Bone diseases range from extremely common conditions like osteoporosis, which affects roughly 1 in 6 people over age 50 worldwide, to rare genetic disorders that appear at birth. Some weaken bones silently over decades, others cause pain and deformity, and a few involve abnormal growths. Here’s a look at the major categories and what each one does to the skeleton.
Osteoporosis
Osteoporosis is by far the most widespread bone disease. It causes bones to lose density and become fragile, making fractures far more likely from minor falls or even everyday movements like bending over. Globally, about 28.5% of women and 5.1% of men over 50 have osteoporosis. The spine, hip, and wrist are the most vulnerable sites.

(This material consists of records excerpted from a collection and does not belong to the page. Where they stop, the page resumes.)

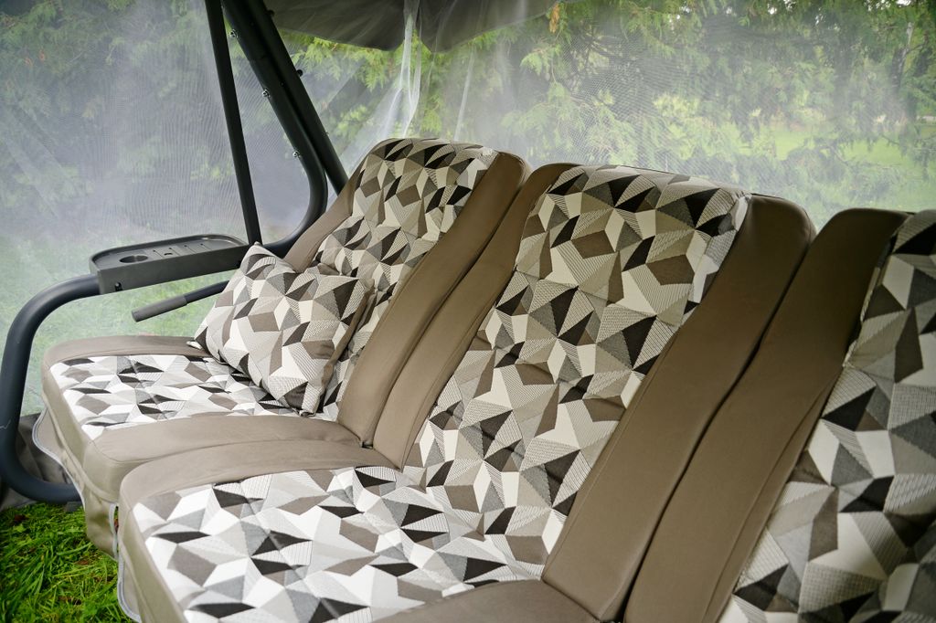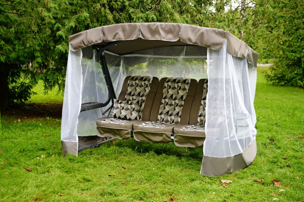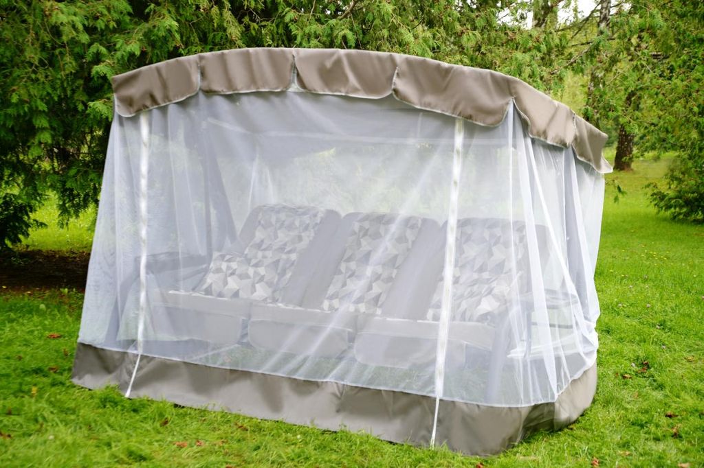 Тент: тент ткань с водоотталкивающей отделкой 100% п/э плотность 125г/м2, с противомоскитной сеткой (полотно гардинное основовязаное 100% п/э плотность 39г/м2) - фиксация сетки на тканевом тенте осуществляется с помощью горизонтальных и вертикальных застежек – «молний».
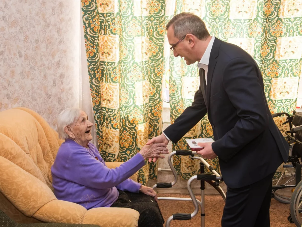 Владислав Шапша вручил медаль Александре Афанасьевне Бобковой
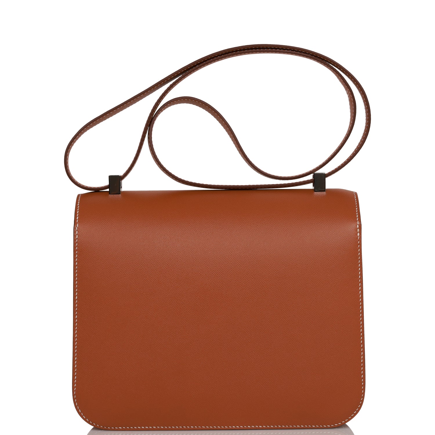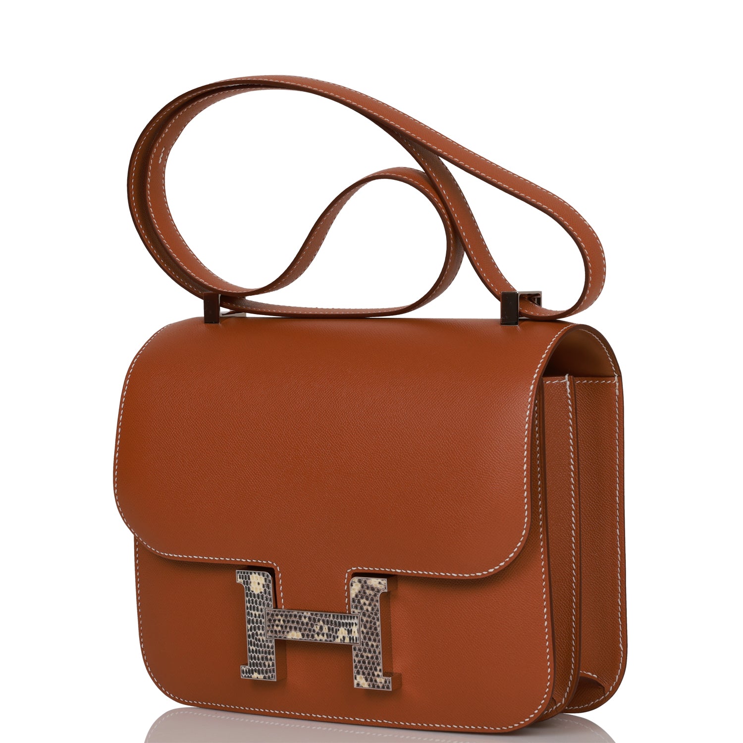 This Constance is in Gold madame leather with palladium hardware and has tonal stitching, an ombre Lizard "H" snap lock closure, and adjustable shoulder strap.
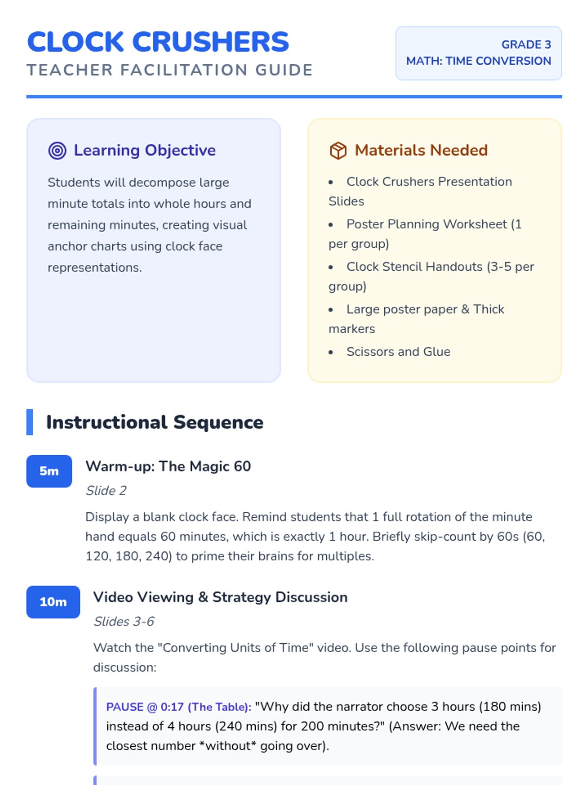 Students learn to convert large quantities of minutes into hours and minutes using a decomposition strategy. They create visual anchor charts using clock faces to represent whole hours and remaining minutes.
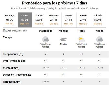 Las lloviznas podrían marcar presencia durante el resto del día lunes en Pigüé.
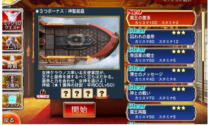 常設のストーリーミッションと同じくカリスマ消費のみで挑戦できる。
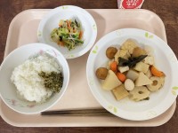 《今日の給食》ごはん大根葉のそぼろあん大蔵大根のおでん小松菜のからしあえ牛乳
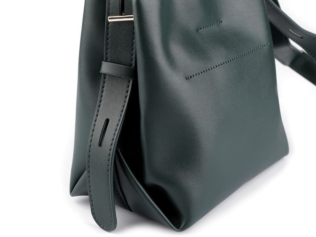 Vnitřní prostor má rozdělený na 2 kapsy s magnetickým zapínáním. Mezi nimi je přepážka, ve které je kapsa na zip. Uvnitř kabelky je i malá plochá kapsa. Součástí kabelky je ucho do ruky a odepínací nastavitelný popruh.
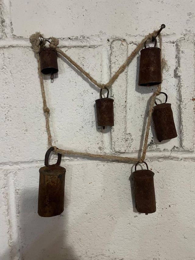 Dettagli del prodottoBellissime campane in metallo, stile vintage, perfette per decorare la tua casa o giardino. Sono sei in totale, legate insieme con uno spago. Mostrano un aspetto rustico e vissuto, con tracce di ruggine che aggiungono carattere. - 6 campane in metallo - Stile vintage - Aspetto rustico

The condition develops quietly. Most people don’t know they have it until they break a bone. A bone density scan (called a DXA scan) measures how your bone mineral density compares to that of a healthy young adult. That comparison produces a number called a T-score. A score of negative 1 or higher is healthy. Between negative 1 and negative 2.5 indicates osteopenia, a milder form of bone loss that can progress to osteoporosis. A score at or below negative 2.5 means osteoporosis is present.
Risk factors include aging, menopause, low calcium and vitamin D intake, smoking, physical inactivity, and long-term use of certain medications like corticosteroids. Women are hit harder partly because estrogen, which helps maintain bone density, drops sharply after menopause.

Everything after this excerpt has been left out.